THROUGHOUT Michel Gondry's "Be Kind Rewind," I couldn't decide if I was watching a cleverly timely and zeitgeist-y riff on the make-your-own-media era or a weirdly anachronistic throwback to a time that's not coming back. It's a tossup. Sweet-natured and likable as the movie is, it never really delivers on the promise of its ingenious premise, which hints at a subversive retelling of mainstream Hollywood movies but stops short at goofy homage.
Gondry, champion of all that is lo-fi, DIY and crafty, and fearless defender of the mechanical over the digital, has made a movie about a couple of guys who accidentally demagnetize an entire video store's inventory and decide to restore the videos by shooting lo-fi, DIY and crafty versions of their own. Video store, you say? That's right. VHS tapes? Yes. And the story's not set in the past, either, despite its characters' seemingly quenchless thirst for the blockbusters of the 1980s.
This technical anachronism is addressed by setting up the Passaic, N.J., store's owner, Mr. Fletcher (Danny Glover), as an old-fashioned guy who refuses to kowtow to the so-called demands of the market, and who couldn't afford to even if he wanted to. The building that houses his store is condemned, despite his dubious claim that it also happens to be the birthplace of jazz legend Fats Waller.
A loopy and likable Mos Def plays Mike, Mr. Fletcher's unofficially adopted son and sole employee. Jack Black is Mike's cranky friend Jerry, who lives and works at a nearby junkyard and is convinced that the neighboring power plant's "microwaves" are affecting his brain. Disaster strikes when Mr. Fletcher leaves town for a few days, putting Mike in charge of the store. Jerry suffers an electrical mishap that leads to the erasing of the inventory, and they come up with the plan to remake "Ghostbusters" to throw off Mr. Fletcher's old friend Mrs. Falewicz (Mia Farrow), who is starting to become suspicious.
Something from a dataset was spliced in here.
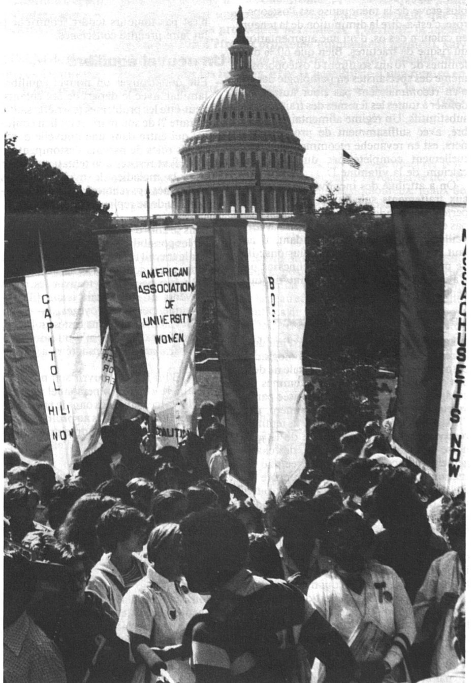
Manifestation pro-ERA à Washington

Old Mrs. Falewicz may be too fuzzy to tell the difference between the Stay-Puft Marshmallow Man and a little pile of flambeed S'mores, but her nephew and his friends aren't. Soon, the neighborhood is clamoring for Mike and Jerry's "Sweded" remakes. (The two pretend the movies are being ordered from Sweden to justify the delay and expense of renting them.) They recruit a pretty local girl named Alma (Melonie Diaz) from the dry cleaner to be their costar and crew, and when they reach their production capacity, they invite people from the neighborhood to help produce and star in their favorites.